The month is April, 2015 and he's thinking about the end and the price he has paid:

"There's a scene in Andre Agassi's book Open that has stuck with me. He was hobbling through a hotel lobby, a day after beating Marcos Baghdatis in five sets at the US Open. He was 36 and he'd been playing pro tennis for 20 years. His back was banjaxed. He needed cortisone shots to keep going. His father - who had been obsessed with making him the world's best tennis player since he was a small child - appeared from out of nowhere and grabbed his arm: 'Quit,' he said. 'Just quit. Go home. You did it. It's over.'"

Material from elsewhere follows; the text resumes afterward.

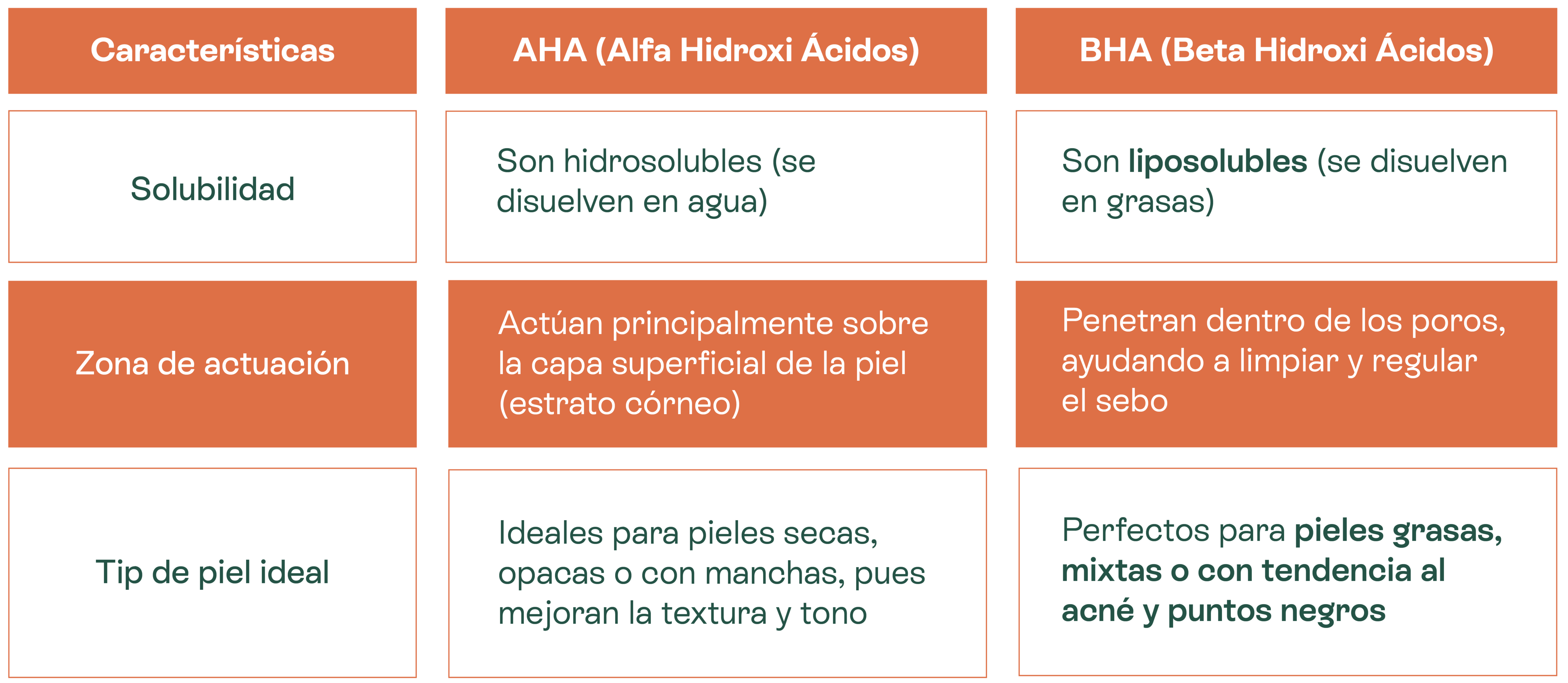 Para que tengas el panorama completo de este mundo de los hidroxiácidos, aquí te presento una comparativa clave entre AHA y BHA:

As I write these words, there are 44 rugby autobiographies on the bookshelf to my left. Do any of these British or Irish players address the issue of doping in the game?

No.

The 'l'accompagnement medicalise?'

No.

The role doctors are playing?

No.

On Friday, a day after it was revealed that three of the world's best players - Dan Carter, Juan Imhoff, and Joe Rokocoko - had tested positive for a corticosteroid, O'Connell appeared on the Late Late Show. Was he asked about it? No. Was it addressed by Alan Quinlan in his column for the Irish Independent? No.

As usual, it was Benezech who stepped up to the plate.

"What this affair demonstrates is the sur-medicalisation and hypocrisy of this sport," he told Le Monde. "Because what we're being told here is that Dan Carter was given corticoids to treat an injury. But these corticoids don't treat it, they just ease the pain. They are a treatment for performance, not a muscle that has been damaged. So the player's health once again is put at risk - short term and long term."

But that's our blindspot. And not what we want to hear.